American South #6: Making A Difference

Chamari Williams ’24 and Ephraim Tony Tutu ’24, reflect on the importance of youth and the civil rights movement, past and present. 

Today we began the day in Montgomery, traveled to Selma, and ended the day in Birmingham, Alabama.

Ready?! Okay well go: Our start time was 8:30 AM, which after our morning debrief we were sent on our way to visit the Southern Poverty Law center. There were two very interesting types of “fountains” where the water gently flowed over silver letters engraved in a black to gray colored stone. The round table, that plenty of us were so tempted to touch, was a timeline that pieced together many of the events we were trying to piece together: laws and Supreme Court decisions to assassinations. On the wall, water cascaded from its top to bottom, washing a Martin Luther King quote that read “Until justice rolls down like waters and righteousness like a mighty stream”. 

After enjoying a great meal from a Greek restaurant we began our trip to Selma. The ride from Montgomery to Selma was about an hour. We arrived at Brown Chapel AME Church at around 2 pm. There we met a woman by the name of Ms. Parish. She told us about the history of the church in great detail. She herself was born and baptized into the church. She was 16 years old when the March from Selma to Montgomery happened. She stayed back at the church with her mother but recalls seeing the marchers running back on Bloody Sunday beat and in need of help. She recalls a young man running back taking off his clothing due to the tear gas. She tried to tell him not to but ended up getting tear gas on herself. She told the group about how she participated in many of the marches and even how her sister was arrested and traumatized from the experiences of their youth. She remembers how she and many members of her communities had to hide when they heard sirens of the KKK coming through their neighborhood. She allowed us to ask her questions and answered them the best she could. Being able to hear her first person accounts was truly amazing. She spoke fondly of her mother who was a school teacher. Her mother encouraged students to protest. These protests were for African American rights to vote. 

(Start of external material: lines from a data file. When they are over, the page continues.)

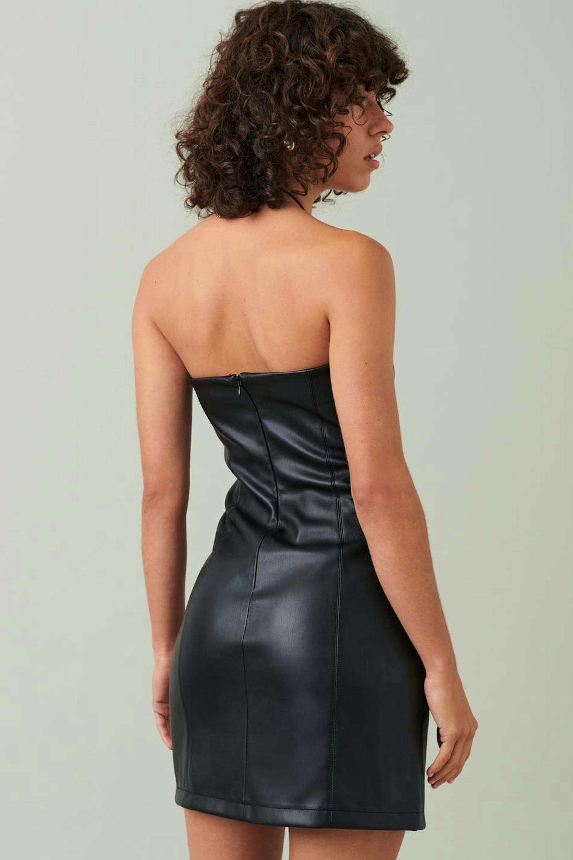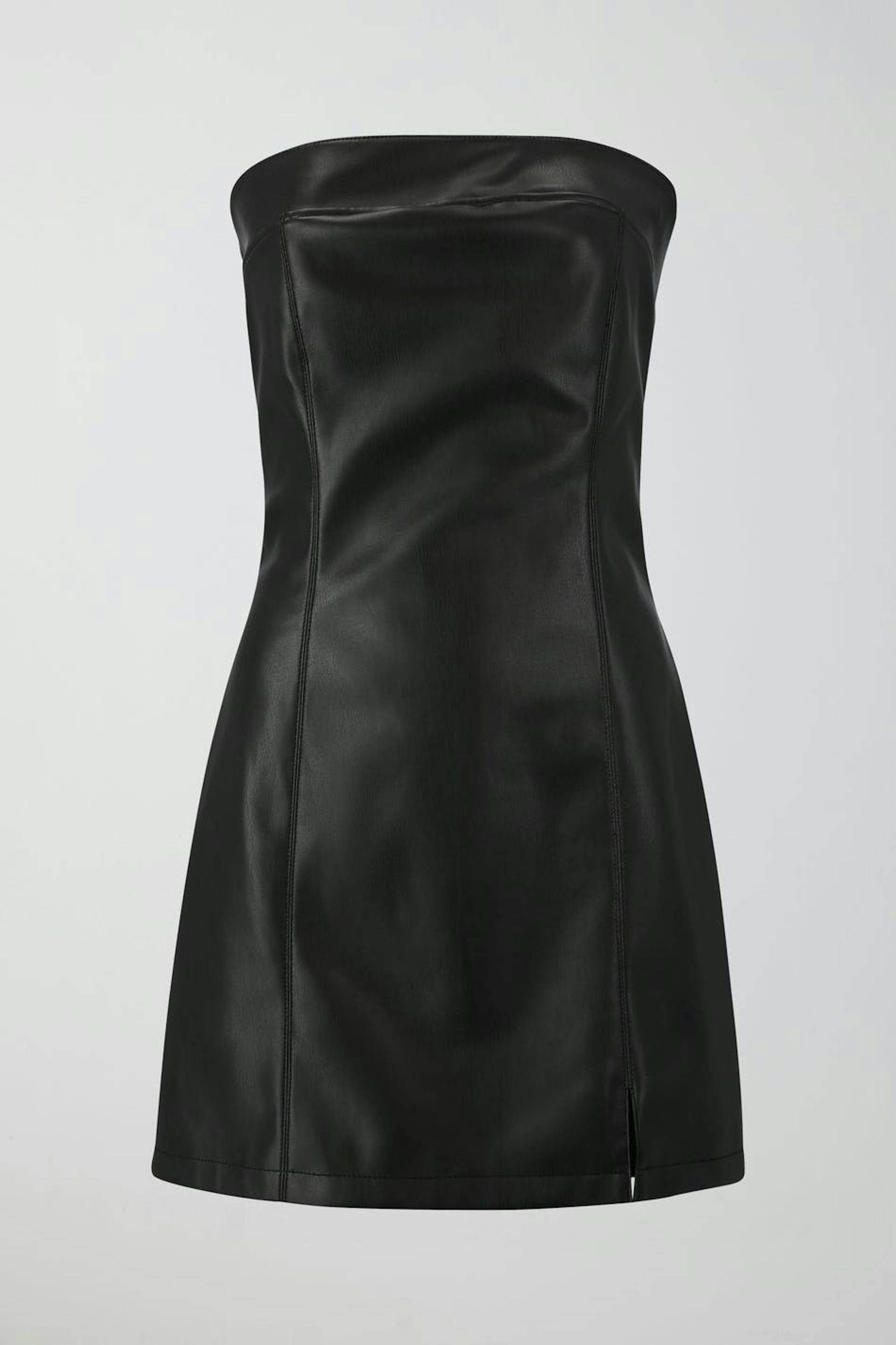 Short tube dress in imitation leather with figure-hugging fit. The dress is black and has zip in the back. It has concealed silicone trim at the top.
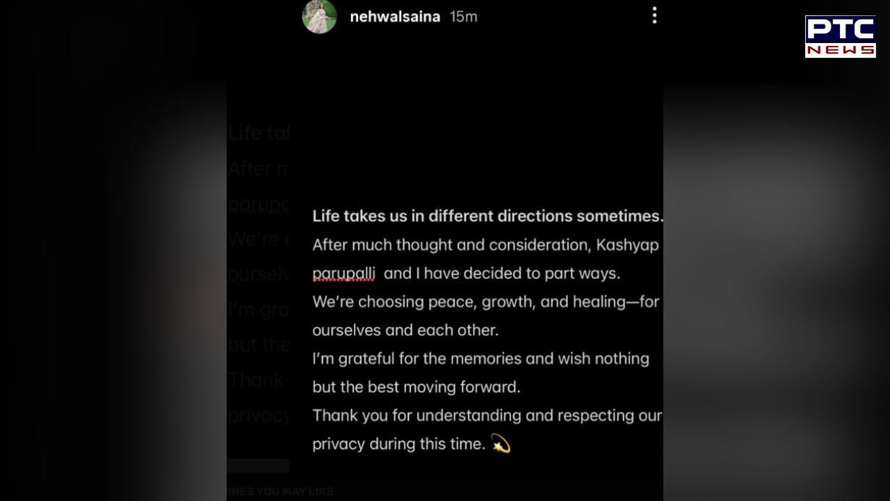 ਦੋ ਵਾਰ ਦੀ ਰਾਸ਼ਟਰਮੰਡਲ ਖੇਡਾਂ ਦੀ ਚੈਂਪੀਅਨ ਸਾਇਨਾ ਨੇ ਲਿਖਿਆ, "ਜ਼ਿੰਦਗੀ ਕਈ ਵਾਰ ਸਾਨੂੰ ਵੱਖ-ਵੱਖ ਦਿਸ਼ਾਵਾਂ ਵਿੱਚ ਲੈ ਜਾਂਦੀ ਹੈ। ਬਹੁਤ ਸੋਚ-ਵਿਚਾਰ ਤੋਂ ਬਾਅਦ, ਕਸ਼ਯਪ ਪਾਰੂਪੱਲੀ ਅਤੇ ਮੈਂ ਵੱਖ ਹੋਣ ਦਾ ਫੈਸਲਾ ਕੀਤਾ ਹੈ। ਅਸੀਂ ਆਪਣੇ ਅਤੇ ਇੱਕ ਦੂਜੇ ਲਈ ਸ਼ਾਂਤੀ, ਵਿਕਾਸ ਅਤੇ ਇਲਾਜ ਦੀ ਚੋਣ ਕਰ ਰਹੇ ਹਾਂ।"
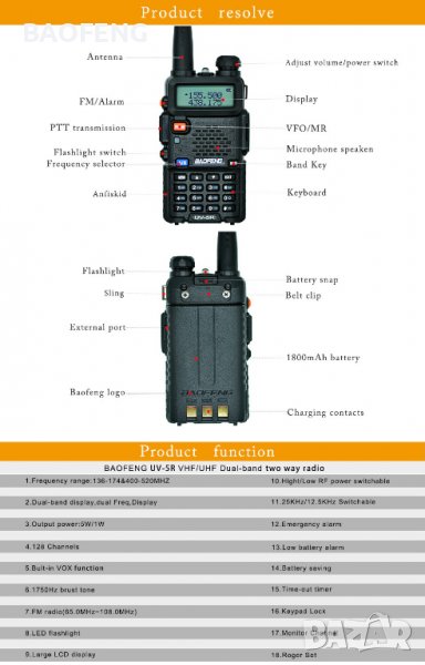- Честотен обхват: 136-174 / 400-480MHz
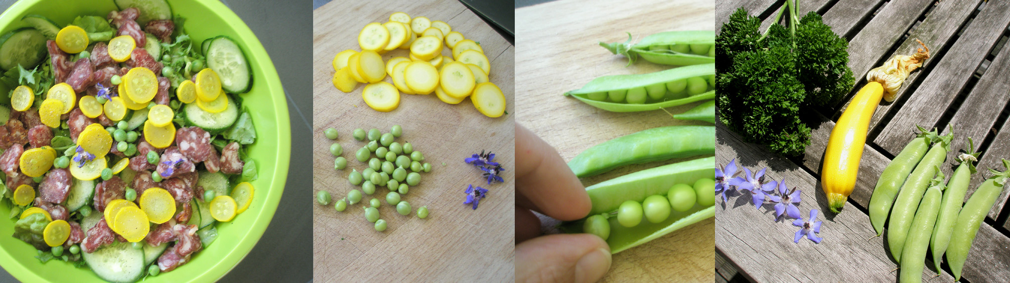 Mmm… vandaag de eerste oogst van mijn stadslandbouwproject. Mijn eerste erwtenpeultjes en een mooie kleine courgette. Beide even snel geblancheerd en heerlijk met wat peterselie (ook van eigen balkon), wat bloemetjes van de komkommerkruid en de worstjes van de Pure Markt in een lekkere salade.
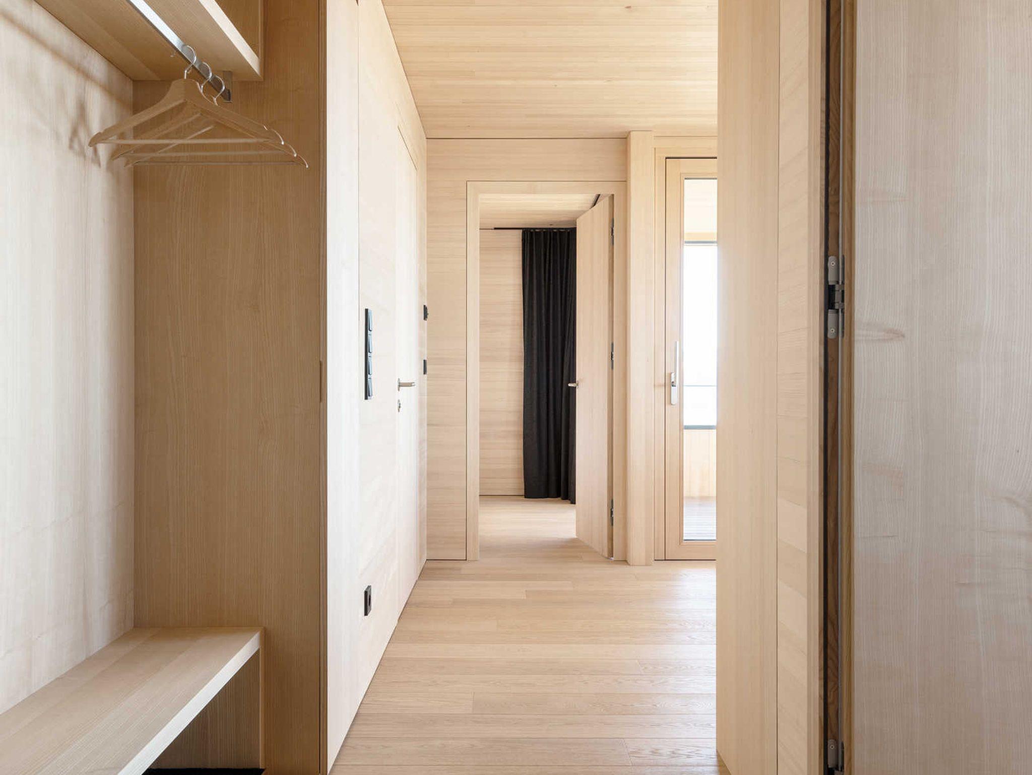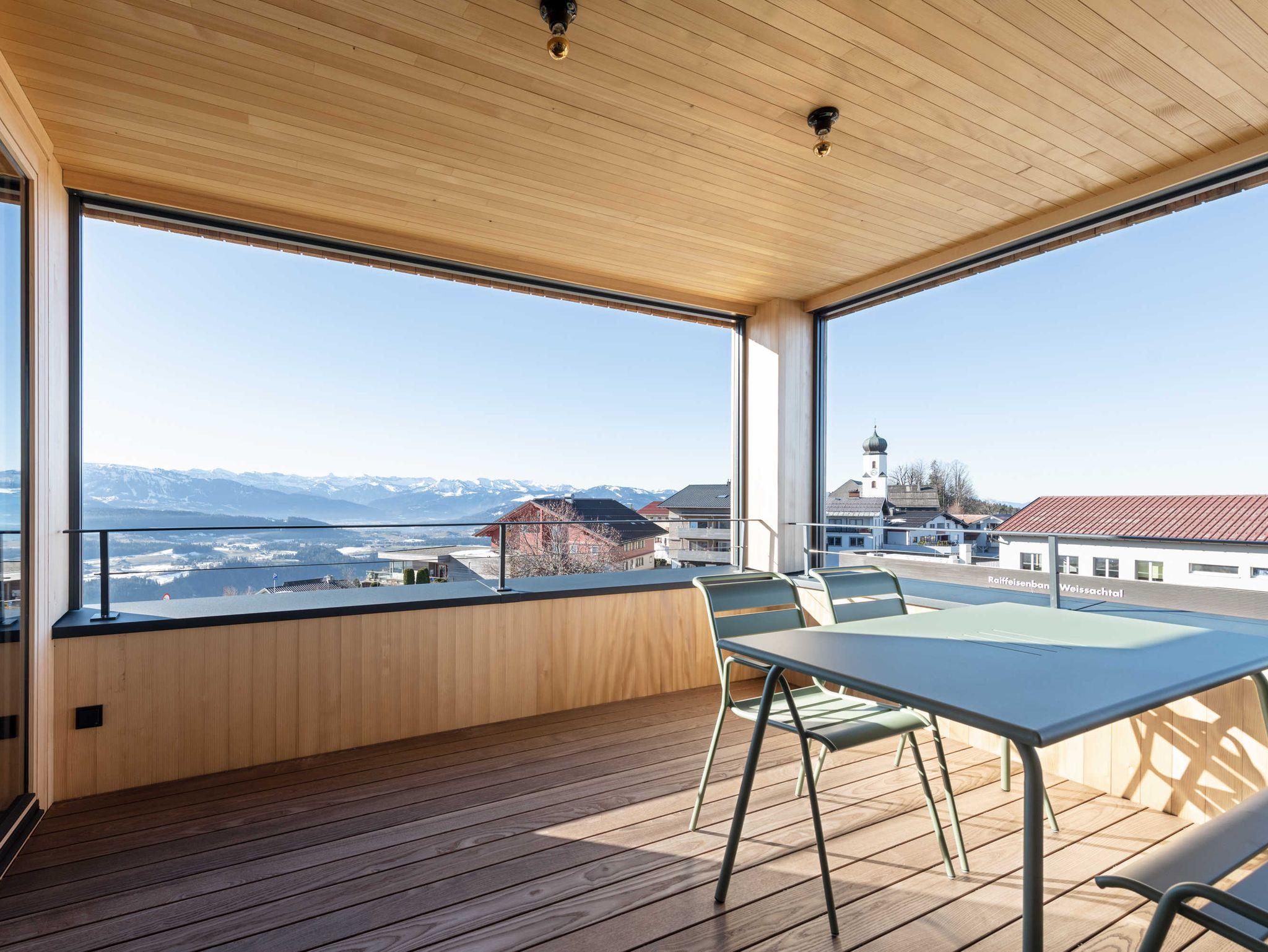 2 Schlafzimmer mit je einem Doppelbett (180x200cm) und Kleiderschrank, Wohn-/Esszimmer mit voll ausgestatteter Küche, gemütlichem Essbereich und einer bequemen Couch. Ein fugenloses Bad mit Dusche und WC. Garderobe. Das Herzstück ist der Wohn-/Essraum und der überdachte Balkon im Ur-Bregenzerwälder Stil {auch ‚Schopf‘ genannt}, der mit Panoramablick über die Bregenzerwälder, Schweizer und Allgäuer Berge zum Verweilen einlädt. Besondere und warme Atmosphäre durch gebürsteten Eichenboden, heimische Weisstannenwände und spezielles Lichtdesign.
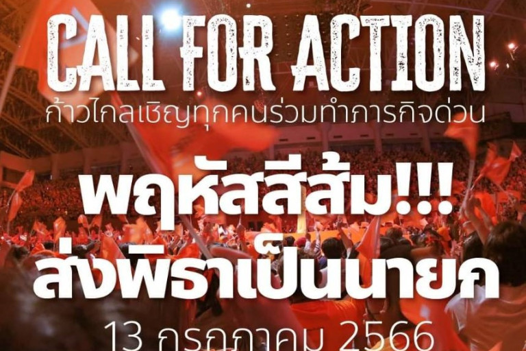 เมื่อวันที่ 12 ก.ค.66 ผู้สื่อข่าวรายงานว่า เพจเฟซบุ๊ก พรรคก้าวไกล โพสต์ข้อความระบุว่า ก้าวไกลขอเชิญทุกคนร่วมทำภารกิจด่วน! "พฤหัสสีส้ม" เชิญชวนทุกคนร่วมใส่เสื้อผ้าสีส้ม ติดสัญลักษณ์ ร่วมสื่อสารทั้งในโลกออนไลน์และออฟไลน์ เพื่อสนับสนุนให้รัฐสภาลงมติโหวต พิธา ลิ้มเจริญรัตน์ เป็นนายกรัฐมนตรีคนที่ 30 ของประเทศไทย ให้สำเร็จ
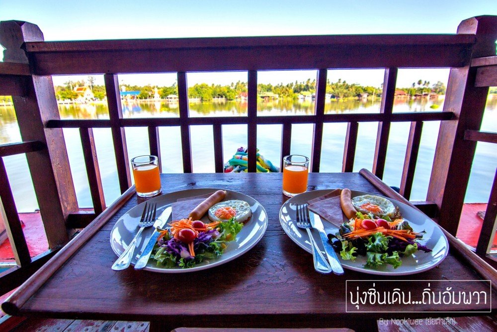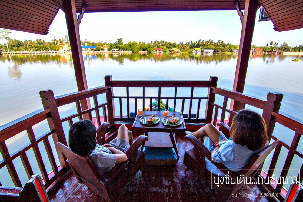 "อรุณสวัสดิ์...อัมพวา"  รีบตื่นเเต่เช้าเพื่อมารับเเสงเเรกที่ท่าน้ำ

I am truly grateful for this experience and learned so much about young people’s role in the civil rights movement today. From the young freedom riders to the young marchers we truly see today how much young people pushed change in the civil rights movement. This taught me that my classmates and I truly can make a difference in this world now. We don’t need to wait till we are older to make change, but instead we can truly start now. 

After leaving the Church we walked across the historical Edmund Pettus bridge known as the bridge the marchers on Bloody Sunday ran across while being attacked. From there we got on a bus and traveled 3 hours to Birmingham. In Birmingham, we stayed at a beautiful hotel and had a delicious meal at a classic chicken spot. After this we retired for the night.